Quarterly Filings on Form N-Q
The Fund files its complete schedule of portfolio holdings with the SEC for the first and third quarters of each fiscal year on Form N-Q. The Fund’s Form N-Q will be available on the SEC’s website at www.sec.gov. The Fund’s Form N-Q may be reviewed and copied at the SEC’s Public Reference Room in Washington, DC and information on the operation of the Public Reference Room may be obtained by calling 1-800-SEC-0330. Information included in the Fund’s N-Q will also be available upon request by calling 1-800-966-4354.
Federal Tax Distribution Information
(Unaudited)
For the fiscal year ended October 31, 2015, certain dividends paid by the Fund may be subject to a maximum tax rate of 23.8%, as provided for by the Jobs and Growth Tax Relief Reconciliation Act of 2003. The percentage of dividends declared from ordinary income designated as qualified dividend income was 91.81%.
For corporate shareholders, the percent of ordinary income distributions that qualified for the corporate dividends received deduction for the fiscal year ended October 31, 2015 was 0.00%.
The percentage of taxable ordinary income distributions that are designated as short-term capital gain distributions under Section 871(k)(2)(C) of the Internal Revenue Code of 1986, as amended, for the Fund was 100.00%.
Householding
To help keep the Fund’s costs as low as possible, we generally deliver a single copy of most financial reports and prospectuses to shareholders who share an address, even if the accounts are registered under different names. This process, known as “householding,” does not apply to account statements. You may, of course, request an individual copy of a prospectus or financial report at any time. If you would like to receive separate mailings, please call the Administrator at 1-800-261-6950 or 1-414-765-4124 and we will begin individual delivery within 30 days of your request. If your account is held through a financial institution or other intermediary, please contact them directly to request individual delivery.
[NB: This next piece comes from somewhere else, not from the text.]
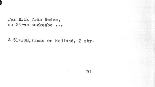 //// w \ //// Per Erik från Heden, du Särna sockenbo . //// A 514:28,Visan om Hedlund, 2 str. //// \ //// RA. ////

Matters Submitted to a Shareholder Vote
A special meeting of shareholders of the Investor Class shares of the Fund was held on January 14, 2016, and the following matters were approved by the Fund’s voting Investor Class shares:
| For | Against | Abstain |
To approve a distribution | | | |
(Rule 12b-1) plan for the | | | |
Investor Class shares of the Fund | 824,118.174 | 161,208.018 | 23,193.448 |
HENNESSY FUNDS | 1-800-966-4354 | |
Board Approval of Investment Advisory
Agreements
At its meeting on March 9, 2016, the Board of Trustees of the Fund (the “Board,” and the members thereof, the “Trustees”) unanimously approved the continuation of the investment advisory agreement of the Fund with Hennessy Advisors, Inc. (the “Advisor”) and the sub-advisory agreement of the Fund between the Advisor and SPARX Asset Management Co., Ltd. (the “Sub-Advisor”). As part of the process of approving the continuation of the advisory and sub-advisory agreements, the Trustees reviewed their fiduciary duties with respect to approving the advisory and sub-advisory agreements and the relevant factors for them to consider. In addition, the Trustees who are not deemed “interested persons” (as that term is defined by the Investment Company Act of 1940) of the Fund (the “Independent Trustees”) met in executive session to discuss the approval of the advisory and sub-advisory agreements.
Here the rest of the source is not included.